* REQUIRED ACTION *
Verbatim reproduction of the entries is required; images must be omitted.

======

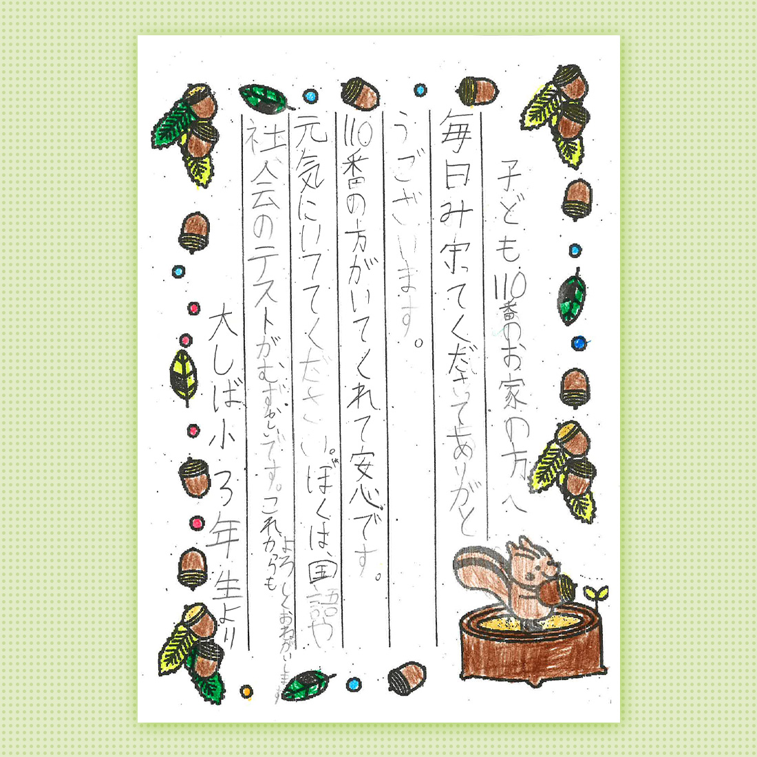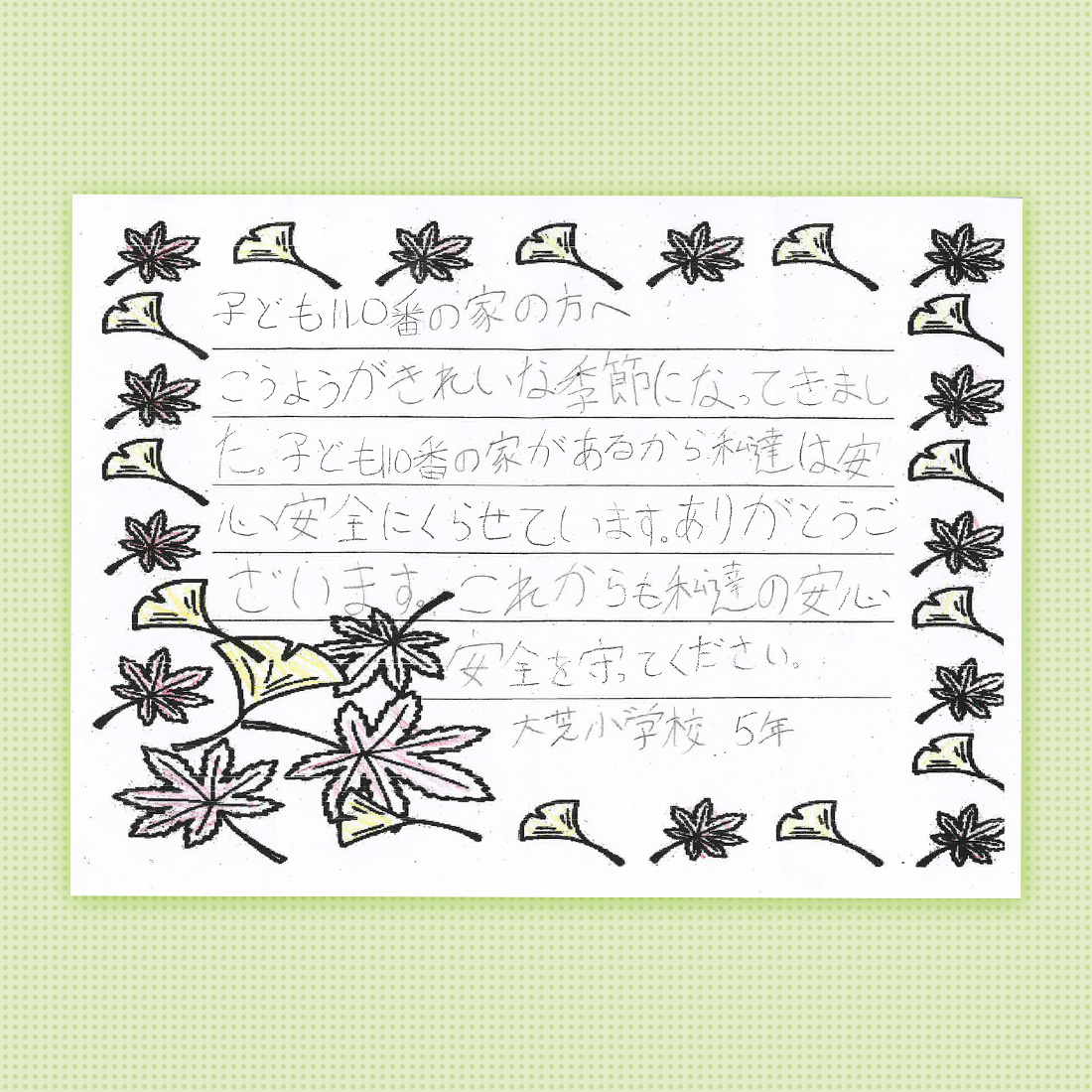 10/24に開催された「こども110番の家ウォークラリー」にて、お礼のお手紙をいただきました。
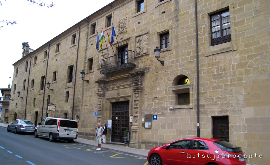 翌日、バルセロナに別れを告げ、ワインで有名なリオハ地方へ。次の目的地はアーロという街に。修道院を改装したホテルがよさげだったので予約。約550kmとかなりの長距離ドライブとなりました。途中、サービスエリアで休憩や給油をしつつ、6時間後に、無事アーロに到着。アーロは歴史を感じさせる街並みであるとともに、ワインの街であることがわかるモチーフが楽しめました。
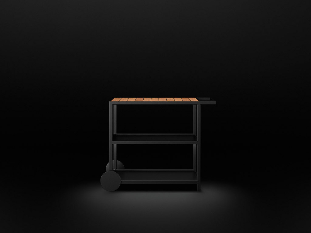 Für den Entwurf der BBQ-Serie zeichnet das renommierte Büro ›Broberg & Ridderstråle‹ verantwortlich. Uns begeistert die schwerelose Linie dieser Funktionsmöbel, die man flexibel anordnen kann. Oben: der Röshults Garten Trolley. Nicht nur chic, auch gut durchdacht.
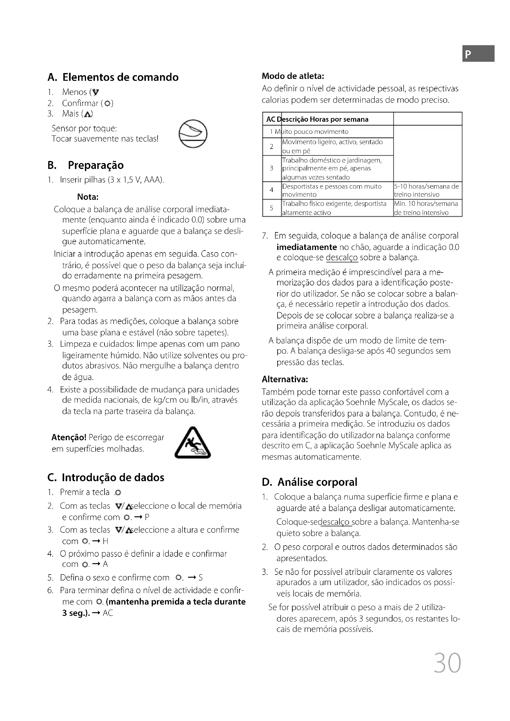 de medida nacionais, de kg/cm ou lb/in, através da tecla na parte traseira da balança. Atenção! Perigo de escorregar em superfícies molhadas. C. Introdução de dados
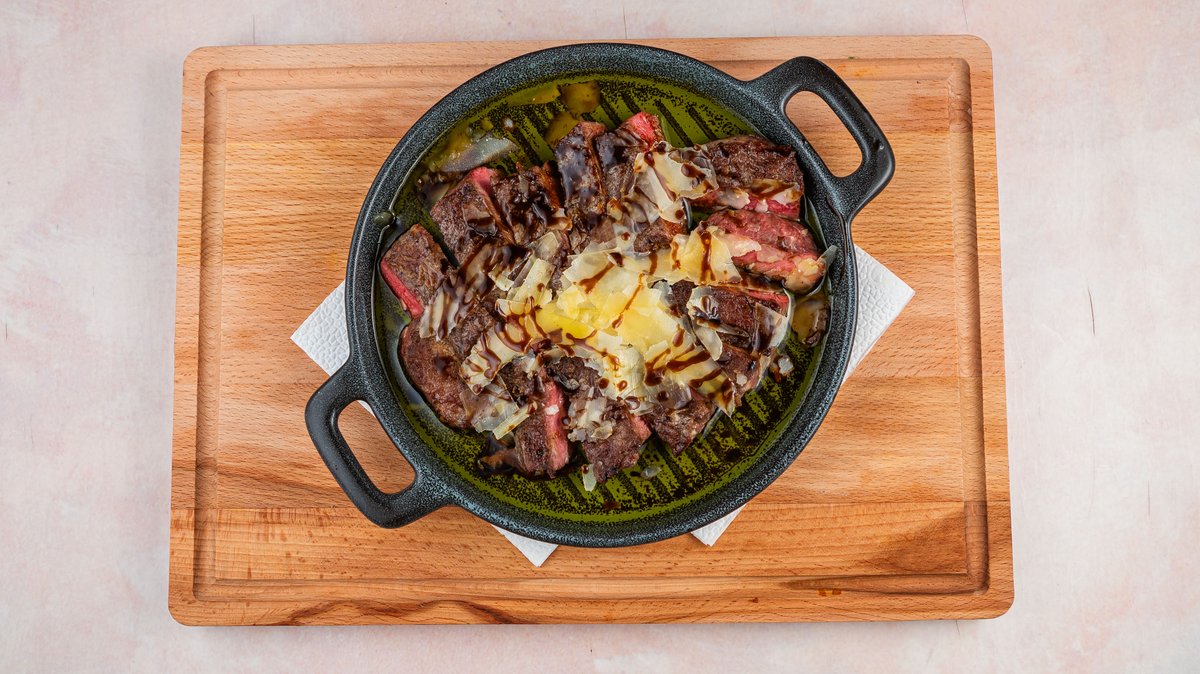 Ramstek tagliata u ulju sa acetom balzamikom i piliranim parmezanom
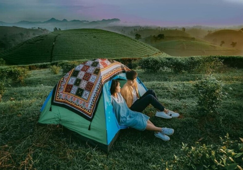 Nếu đi theo nhóm, bạn có thể chuẩn bị lều trại và một vài món ăn nhẹ để cắm trại ngay trên đồi chè. Gió mát, cảnh đẹp và không gian yên tĩnh là những điều tuyệt vời cho một buổi picnic cuối tuần. Tuy nhiên, bạn nên hỏi xin phép người dân địa phương hoặc bảo vệ khu vực trước khi cắm trại để đảm bảo an toàn và tôn trọng cảnh quan nhé!
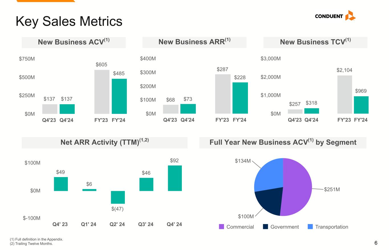 5 Key Sales Metrics TCV Signings (incl. ARR(1) + NRR(1)) $810 $395 $242 $659 $361 $257 $143 $273 $235 $318 Renewal NB Q4' 23 Q1' 24 Q2' 24 Q3' 24 Q4' 24 $0M $500M $1,000M New Business (ARR(1) + NRR(1) Breakdown) $68 $31 $61 $63 $73 $74 $71 $109 $50 $79 NB ARR NB NRR Q4' 23 Q1' 24 Q2' 24 Q3' 24 Q4' 24 $0M $100M $200M New Business ARR Avg. Contract Length(1) $137 $96 $141 $111 $137 Q4' 23 Q1' 24 Q2' 24 Q3' 24 Q4' 24 $0M $50M $100M $150M New Business ACV(1) Signings 2.7yrs 2.3yrs 2.7yrs 2.9yrs 3.3yrs Q4' 23 Q1' 24 Q2' 24 Q3' 24 Q4' 24 —yrs 2.0yrs 4.0yrs (1) Full definition in the Appendix.
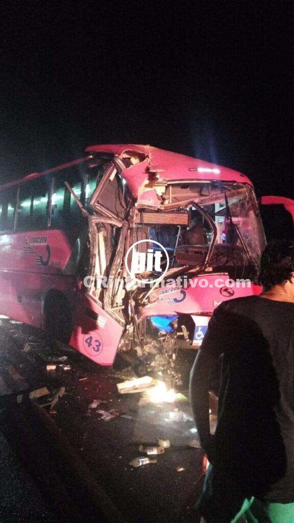 Hace pocos minutos se nos reporta un accidente de tránsito entre un autobús de la empresa Tracopa y un camión.
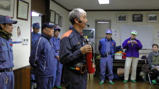 あいにくの雨の為、富士公園から自治会館へ場所が変更となり、参加者が少なかったものの、参加者一人一人が体験できる良い訓練の場となりました。

======

* EXPECTED ANSWER *
 10/24に開催された「こども110番の家ウォークラリー」にて、お礼のお手紙をいただきました。
 翌日、バルセロナに別れを告げ、ワインで有名なリオハ地方へ。次の目的地はアーロという街に。修道院を改装したホテルがよさげだったので予約。約550kmとかなりの長距離ドライブとなりました。途中、サービスエリアで休憩や給油をしつつ、6時間後に、無事アーロに到着。アーロは歴史を感じさせる街並みであるとともに、ワインの街であることがわかるモチーフが楽しめました。
 Für den Entwurf der BBQ-Serie zeichnet das renommierte Büro ›Broberg & Ridderstråle‹ verantwortlich. Uns begeistert die schwerelose Linie dieser Funktionsmöbel, die man flexibel anordnen kann. Oben: der Röshults Garten Trolley. Nicht nur chic, auch gut durchdacht.
 de medida nacionais, de kg/cm ou lb/in, através da tecla na parte traseira da balança. Atenção! Perigo de escorregar em superfícies molhadas. C. Introdução de dados
 Ramstek tagliata u ulju sa acetom balzamikom i piliranim parmezanom
 Nếu đi theo nhóm, bạn có thể chuẩn bị lều trại và một vài món ăn nhẹ để cắm trại ngay trên đồi chè. Gió mát, cảnh đẹp và không gian yên tĩnh là những điều tuyệt vời cho một buổi picnic cuối tuần. Tuy nhiên, bạn nên hỏi xin phép người dân địa phương hoặc bảo vệ khu vực trước khi cắm trại để đảm bảo an toàn và tôn trọng cảnh quan nhé!
 5 Key Sales Metrics TCV Signings (incl. ARR(1) + NRR(1)) $810 $395 $242 $659 $361 $257 $143 $273 $235 $318 Renewal NB Q4' 23 Q1' 24 Q2' 24 Q3' 24 Q4' 24 $0M $500M $1,000M New Business (ARR(1) + NRR(1) Breakdown) $68 $31 $61 $63 $73 $74 $71 $109 $50 $79 NB ARR NB NRR Q4' 23 Q1' 24 Q2' 24 Q3' 24 Q4' 24 $0M $100M $200M New Business ARR Avg. Contract Length(1) $137 $96 $141 $111 $137 Q4' 23 Q1' 24 Q2' 24 Q3' 24 Q4' 24 $0M $50M $100M $150M New Business ACV(1) Signings 2.7yrs 2.3yrs 2.7yrs 2.9yrs 3.3yrs Q4' 23 Q1' 24 Q2' 24 Q3' 24 Q4' 24 —yrs 2.0yrs 4.0yrs (1) Full definition in the Appendix.
 Hace pocos minutos se nos reporta un accidente de tránsito entre un autobús de la empresa Tracopa y un camión.
 あいにくの雨の為、富士公園から自治会館へ場所が変更となり、参加者が少なかったものの、参加者一人一人が体験できる良い訓練の場となりました。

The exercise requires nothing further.